-- Recorded information --
[Start of section]

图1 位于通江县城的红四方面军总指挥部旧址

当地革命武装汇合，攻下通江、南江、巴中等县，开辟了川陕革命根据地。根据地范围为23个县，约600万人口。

[End of section]
[Start of section]

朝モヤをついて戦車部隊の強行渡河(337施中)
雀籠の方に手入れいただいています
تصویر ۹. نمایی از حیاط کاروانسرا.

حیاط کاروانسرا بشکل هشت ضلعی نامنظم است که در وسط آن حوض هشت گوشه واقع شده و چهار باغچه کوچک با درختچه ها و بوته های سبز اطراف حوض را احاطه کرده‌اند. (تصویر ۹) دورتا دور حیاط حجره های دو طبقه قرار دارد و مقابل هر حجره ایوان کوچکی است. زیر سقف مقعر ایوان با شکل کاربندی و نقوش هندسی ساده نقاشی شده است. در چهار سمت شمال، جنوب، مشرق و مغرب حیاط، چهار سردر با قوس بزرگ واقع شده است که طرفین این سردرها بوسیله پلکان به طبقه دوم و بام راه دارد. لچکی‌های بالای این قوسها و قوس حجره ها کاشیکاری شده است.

[End of section]

-- Assigned task --
Everything in the material above from the line that has "图1 位于通江县城的红四方面军总指挥部旧址" through the line that has "当地革命武装汇合，攻下通江、" must be duplicated exactly, with no other lines given.

-- Solution to this exercise --
图1 位于通江县城的红四方面军总指挥部旧址

当地革命武装汇合，攻下通江、南江、巴中等县，开辟了川陕革命根据地。根据地范围为23个县，约600万人口。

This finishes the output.